* Prompt: Once the line holding "Shop More: Neutral" appears, repeat it and each line after it to the end of the data, exactly and with nothing else; pictures stay out.

* Recorded data:
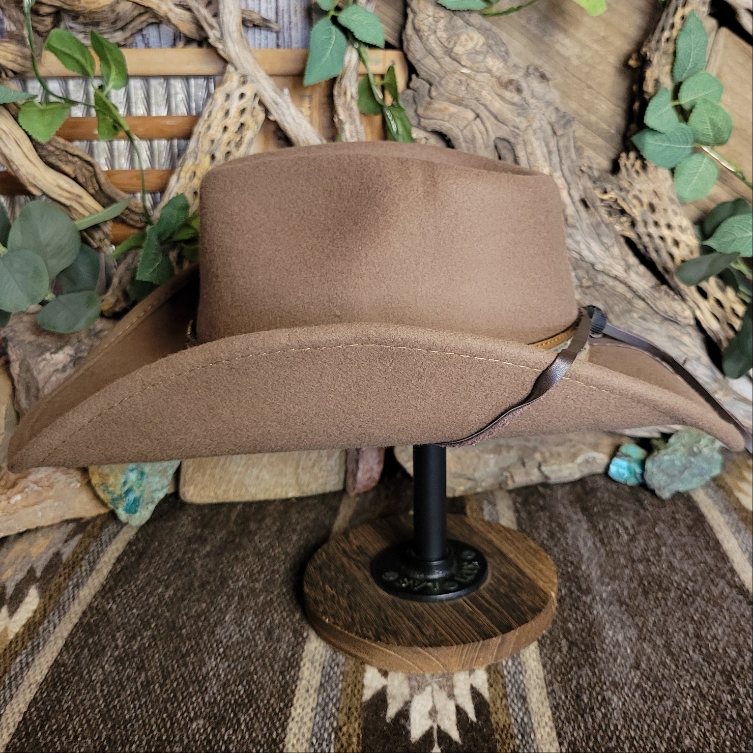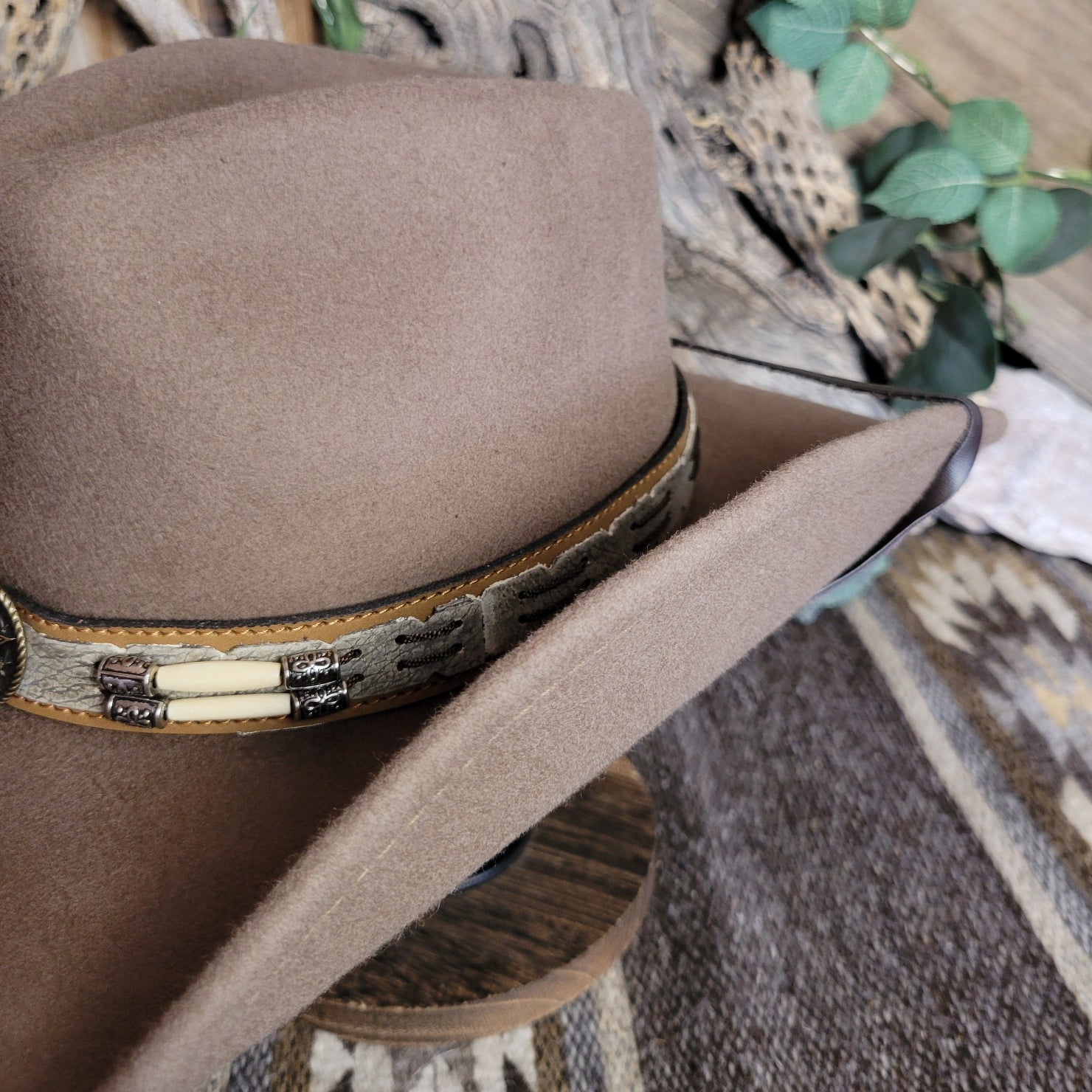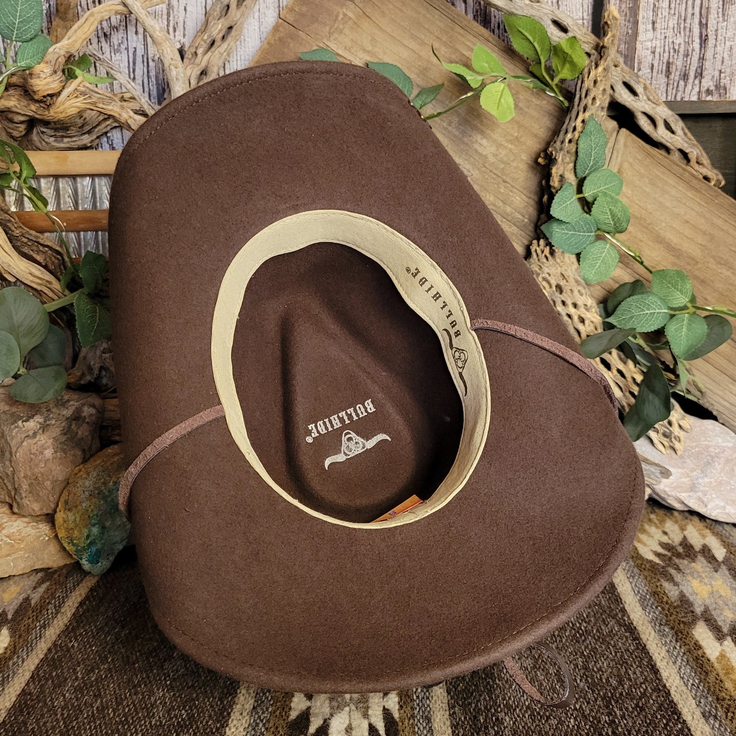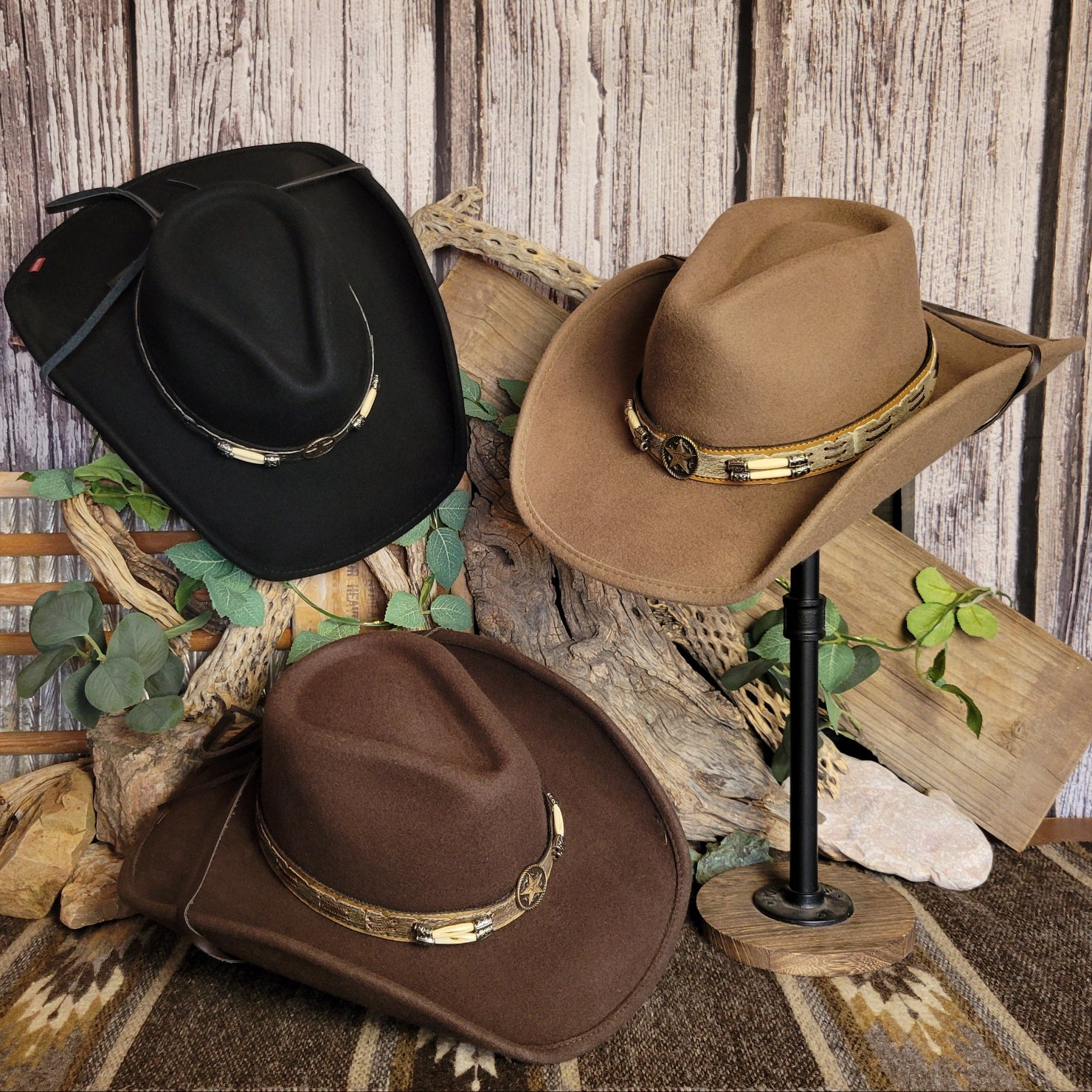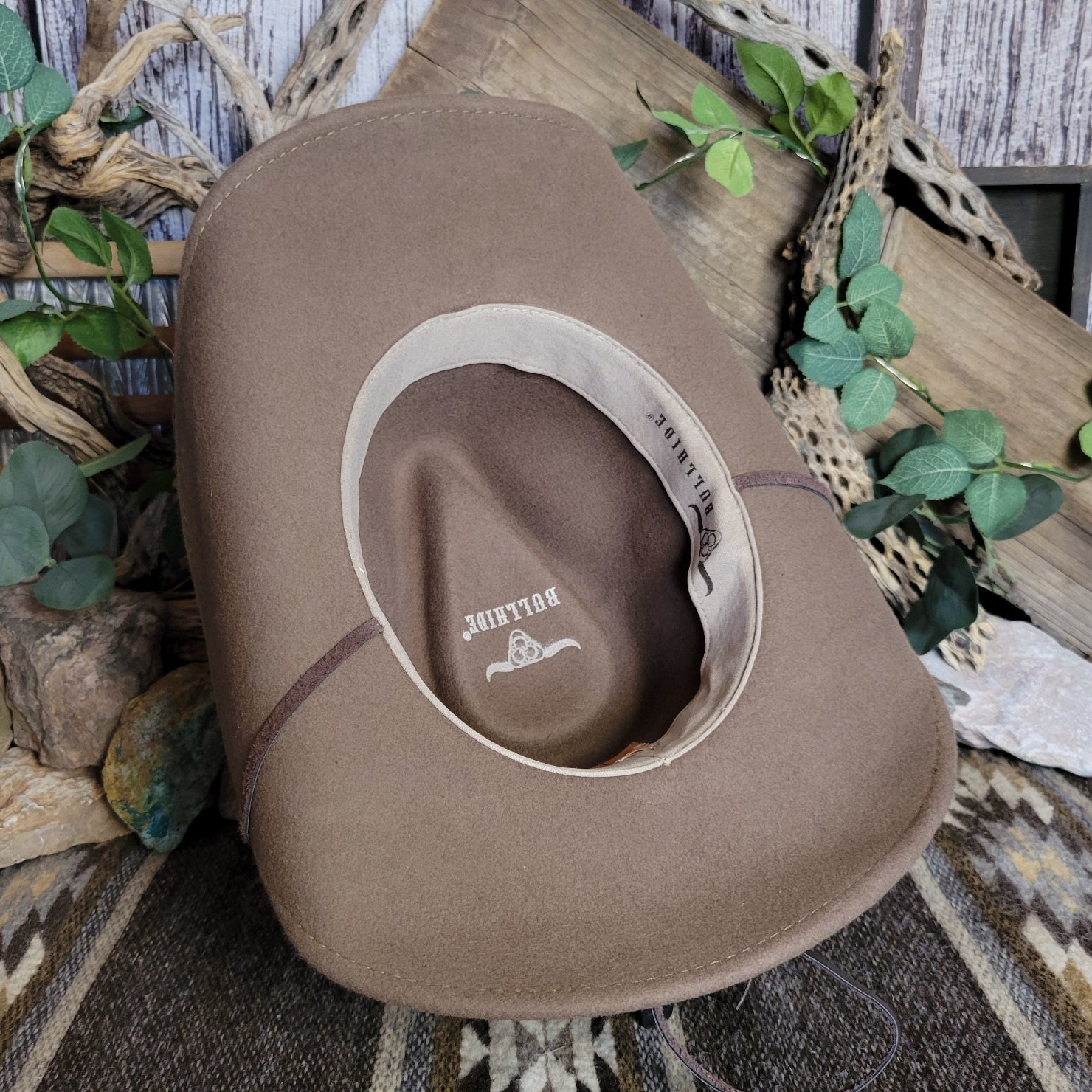 The "Skynard" by Bullhide has a wire brim that allows for easy re-shaping. The Skynard features a stampede string for windy days, lightweight and softer than most felted hats. The hatband is ornate leather with bone and blackened silver embellishments. This hatband also features a star with a longhorn surrounded in a ropelike circle.
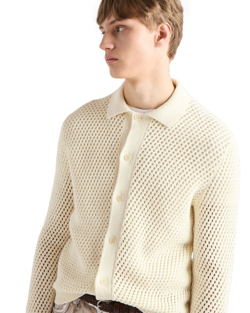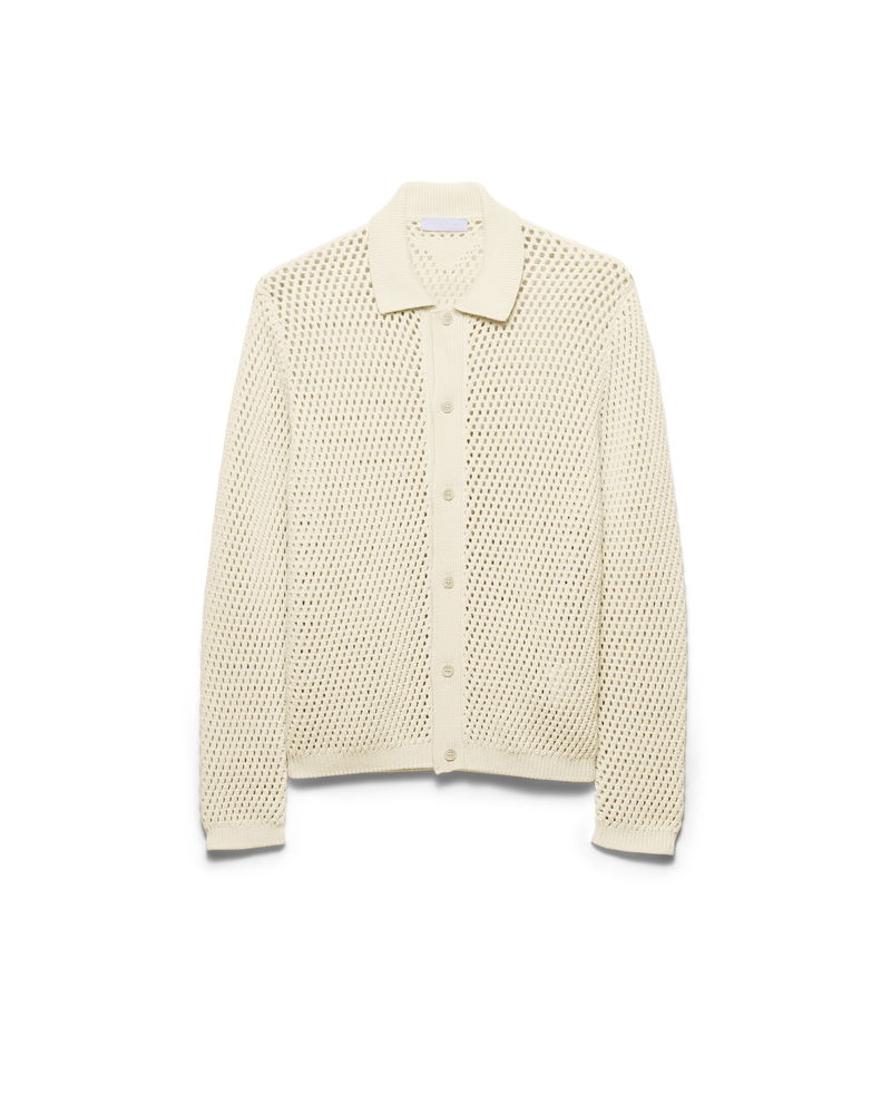 Shop More: Neutral Clothing Neutral Knitwear PRADA Clothing PRADA Knitwear PRADA Cardigans Neutral Cardigans PRADA Neutral Clothing
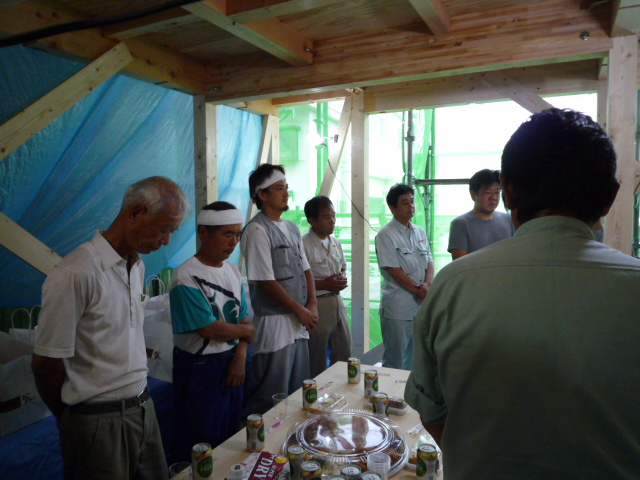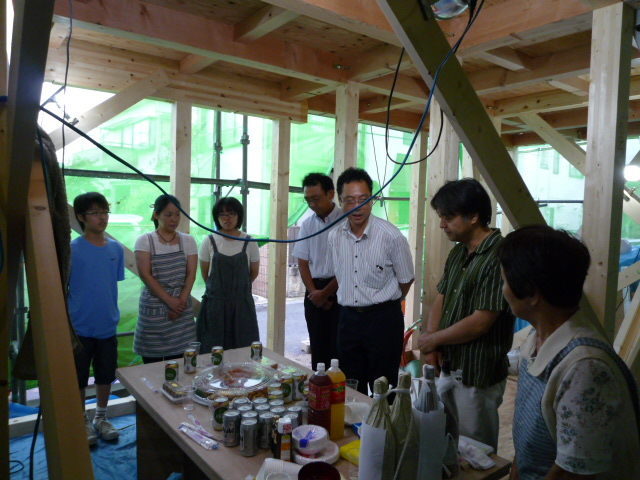 参加メンバーは当社のスタッフと大工さん設備やさん 電気やさん 鳶さん(基礎工事)です。いつもは行き帰り車ですから、お酒を頂戴できないのですが、今回は近い事もあり、少し頂きました。仲間からの依頼の仕事という事で、本当に嬉しく、気持ちが熱くなってしまいまた。

* Solution to this task:
 Shop More: Neutral Clothing Neutral Knitwear PRADA Clothing PRADA Knitwear PRADA Cardigans Neutral Cardigans PRADA Neutral Clothing
 参加メンバーは当社のスタッフと大工さん設備やさん 電気やさん 鳶さん(基礎工事)です。いつもは行き帰り車ですから、お酒を頂戴できないのですが、今回は近い事もあり、少し頂きました。仲間からの依頼の仕事という事で、本当に嬉しく、気持ちが熱くなってしまいまた。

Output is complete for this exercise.